■ **Task brief**:
Please retype the listing below word for word and exclude its images.

■ **Dataset section**:
----------------

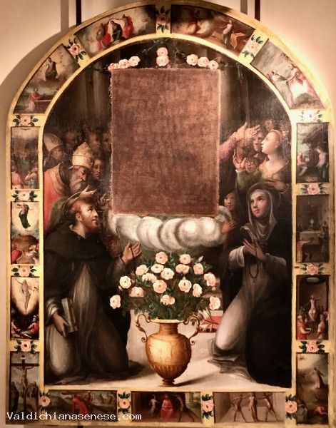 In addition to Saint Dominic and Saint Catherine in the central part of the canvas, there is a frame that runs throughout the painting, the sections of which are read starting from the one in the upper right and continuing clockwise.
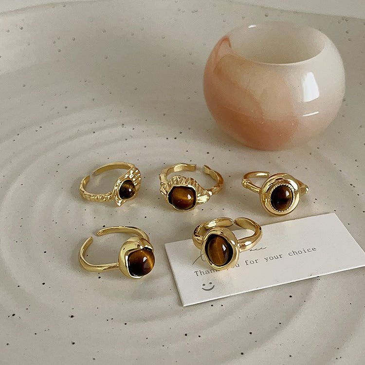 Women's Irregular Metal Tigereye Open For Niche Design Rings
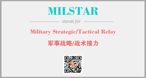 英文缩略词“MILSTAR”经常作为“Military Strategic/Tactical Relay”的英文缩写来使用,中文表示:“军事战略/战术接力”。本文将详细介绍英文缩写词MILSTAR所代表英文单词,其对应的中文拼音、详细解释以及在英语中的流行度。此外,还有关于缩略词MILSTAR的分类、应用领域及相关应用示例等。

----------------

■ **Response to the task**:
 In addition to Saint Dominic and Saint Catherine in the central part of the canvas, there is a frame that runs throughout the painting, the sections of which are read starting from the one in the upper right and continuing clockwise.
 Women's Irregular Metal Tigereye Open For Niche Design Rings
 英文缩略词“MILSTAR”经常作为“Military Strategic/Tactical Relay”的英文缩写来使用,中文表示:“军事战略/战术接力”。本文将详细介绍英文缩写词MILSTAR所代表英文单词,其对应的中文拼音、详细解释以及在英语中的流行度。此外,还有关于缩略词MILSTAR的分类、应用领域及相关应用示例等。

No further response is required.